Wild dogs heard it, and dreamed of armadillos without shells.
Louis McNaughton heard it, the fat little boy with pink-rimmed glasses, and stepped back into the pantry and turned on the overhead light. He wished there were more choices for a person whose life had probably just been ruined by what he had seen. If there were choices, he couldn’t think what they were right now. He sat down again to try to finish reading Gerald McBoing Boing.
Mr. Raney said, “What a racket! Wasn’t that something special! My eyes are still seeing black spots.”
Hydro said, “Daddy?”
Mr. Raney said, “Let’s get some lights on in here. Let’s see what we hit. I probably should have warned you about shooting Mr. William Tell’s refrigerator. Them things are expensive.”
Hydro said, “Daddy? Are you all right?”
Mr. Raney said, “I’m not promising nothing about my marksmanship. I was only half-remembering where them pork and beans used to set. No telling what I put a plug in.”
Hydro dropped the gun to the floor. It sounded like a tire iron.
Mr. Raney said, “Turn on some lights, son. Let’s see what we got here. If I hit one of them cans of Campbell pork and beans, I’ll buy you a Co-Cola.”
Hydro said, “I missed you. How did I miss you?”
Hydro reached up above him and yanked on the light cord. The door directly behind his father had a piece missing as big as a wedge of pie.
Mr. Raney’s eyes were still getting adjusted to the light. He said, “Introduce me to your friends, son, let’s don’t be rude.

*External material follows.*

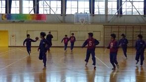 一方男子は柔道の授業を終えて,今度は体育館でバスケットボールの授業をしています。冷えきった体育館の中で,この日はゲームをしていました。おそらくチームごとの作戦があったりするのでしょう。時間に無駄のない授業でした。次々とプレーが展開しています。見ている生徒から歓声が上がり,応援する声,アドバイスする声が聞こえてきます。授業時間の終了近くになると,生徒は自然と片付けの位置に移動しながら試合の様子を見ています。そして終了時間になると,さっそく後片付けが始まります。全員が全体の動きを意識しながら,次々と先を読んだ行動をしているのです。指示を受けずとも時間が有効に生かされている,素早い行動でした。しっかりと走り,一生懸命に身体と頭を使った保健体育の授業でした。さすが3年生と思って授業を見ました。

I saw them through the window. I got to tell you, I admire your young man’s sense of style, sure do.”
It wasn’t until right then that Mr. Raney noticed that Hydro was barefooted and there might be some dead folks in the room.
Mr. Raney said, “Sugarplum?”
He walked through the store, closer to Hydro.
Mr. Raney said, “What has happened? Why are these two lovely children laying here dead on the floor with their heads blowed off? Where are your shoes?”